Every line from the one containing "2、食パンとバナナを(1)に" through the end of the listing below must be given again exactly, and nothing else; exclude pictures.

DATA EXCERPT:
§
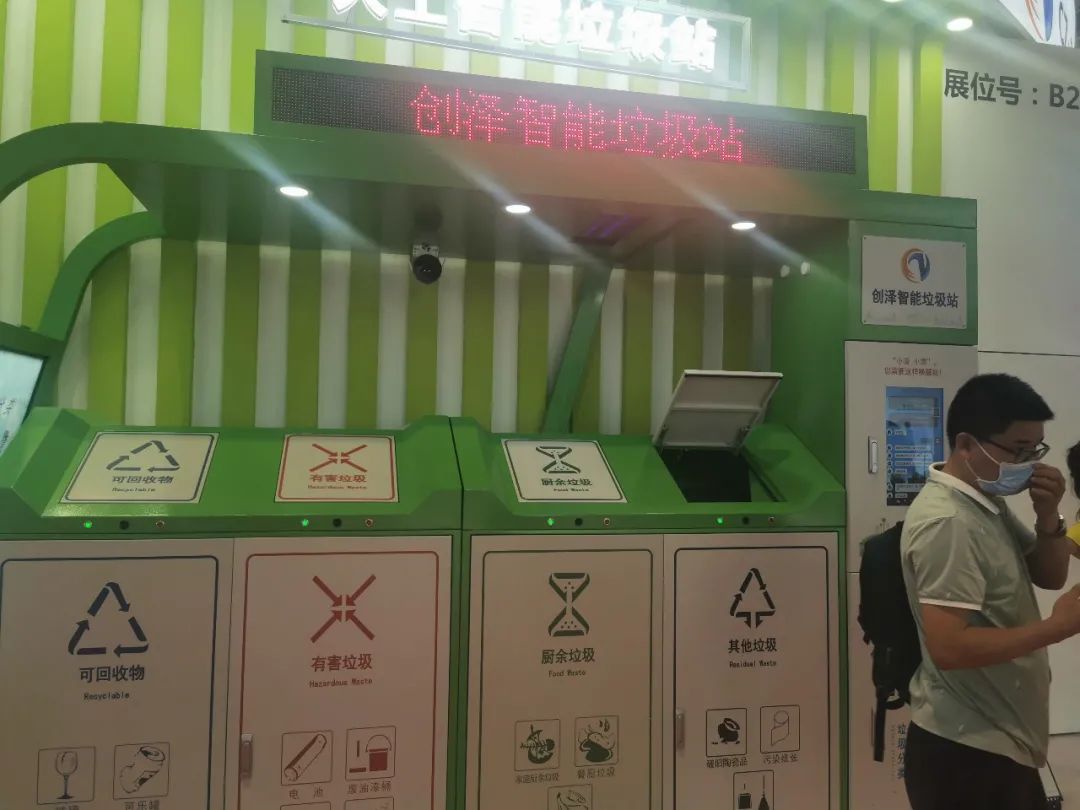 “智能垃圾站是集合人工智能和物联网技术,可对垃圾分类智能化精细管理;消毒机器人依托大数据、云计算、数字仿真等技术,已在国内部分三甲医院多场景应用,为疫情防控做出突出贡献。”创泽展台相关工作人员介绍。
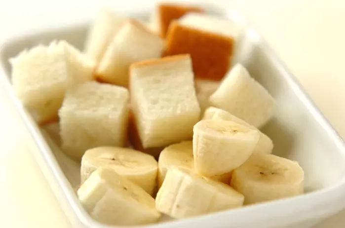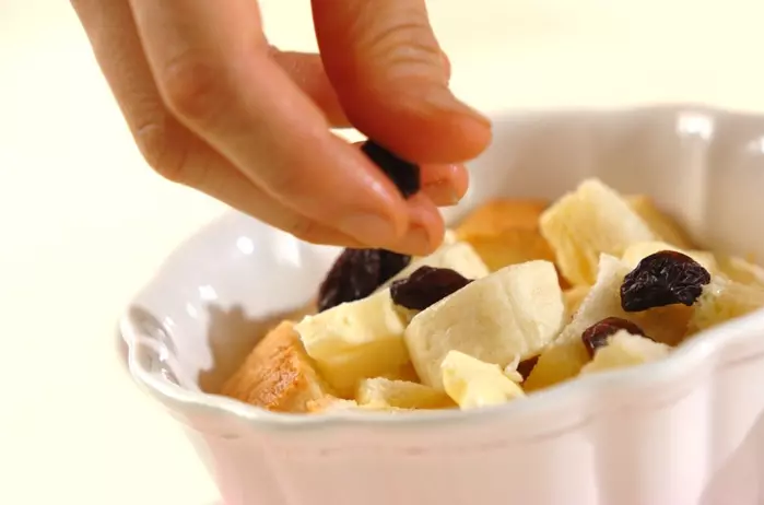 2、食パンとバナナを(1)にひたしながら加え、全体になじんだらバターとレーズンをのせる。
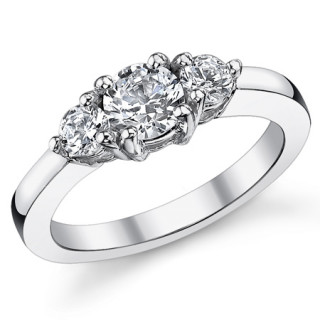 This beautiful 3-stone ring features a 0.75ct/6mm round brilliant Moissanite center stone, two 0.25ct/4mm round brilliant Moissanite gemstones, and is set in 14k gold, 18k gold or platinum. Add the optional matching band to make it a complete bridal set.
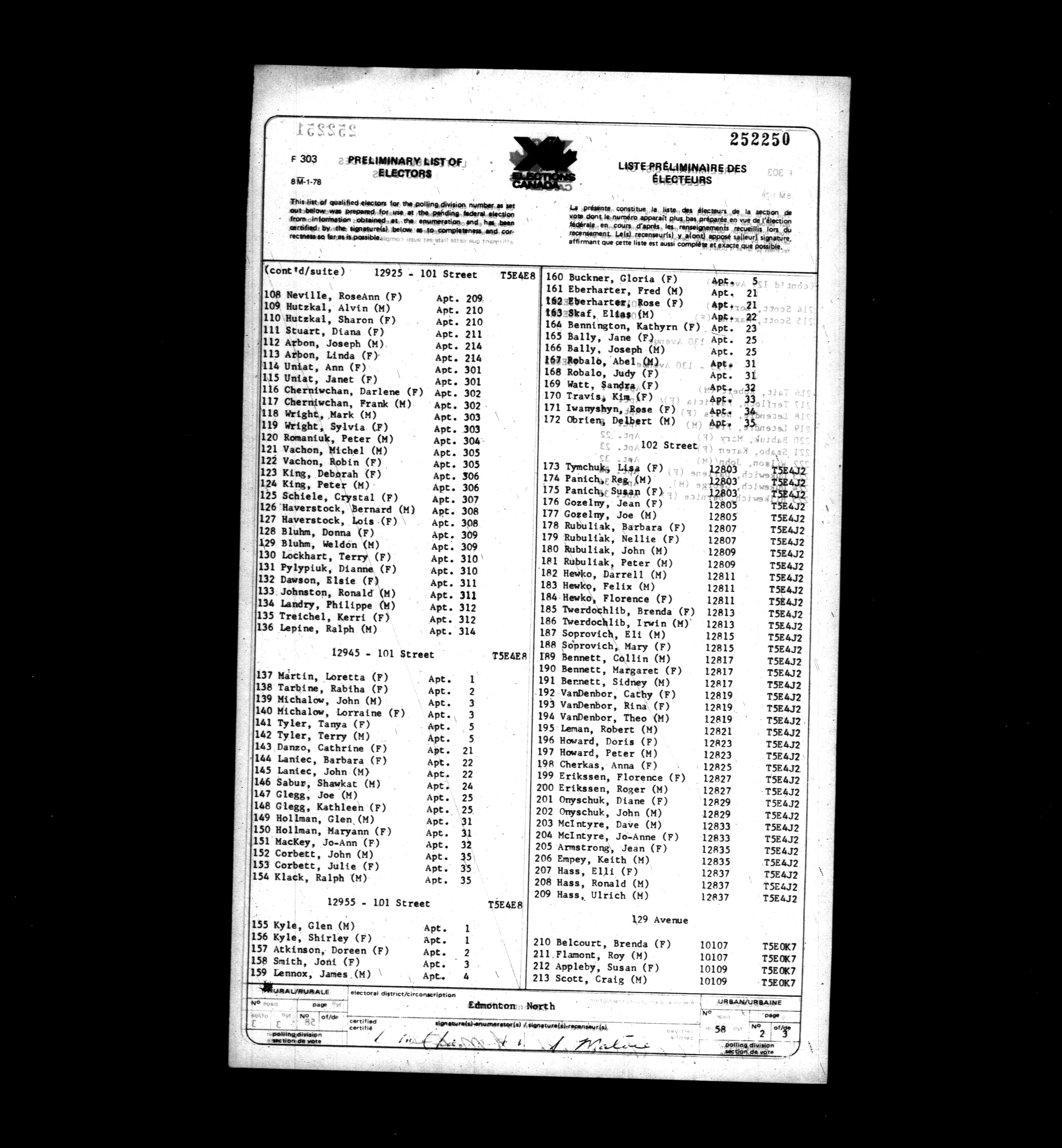 Office of the Chief Electoral Officer : Preliminary List of Electors : T-700
§
OUTPUT OF THE TASK:
 2、食パンとバナナを(1)にひたしながら加え、全体になじんだらバターとレーズンをのせる。
 This beautiful 3-stone ring features a 0.75ct/6mm round brilliant Moissanite center stone, two 0.25ct/4mm round brilliant Moissanite gemstones, and is set in 14k gold, 18k gold or platinum. Add the optional matching band to make it a complete bridal set.
 Office of the Chief Electoral Officer : Preliminary List of Electors : T-700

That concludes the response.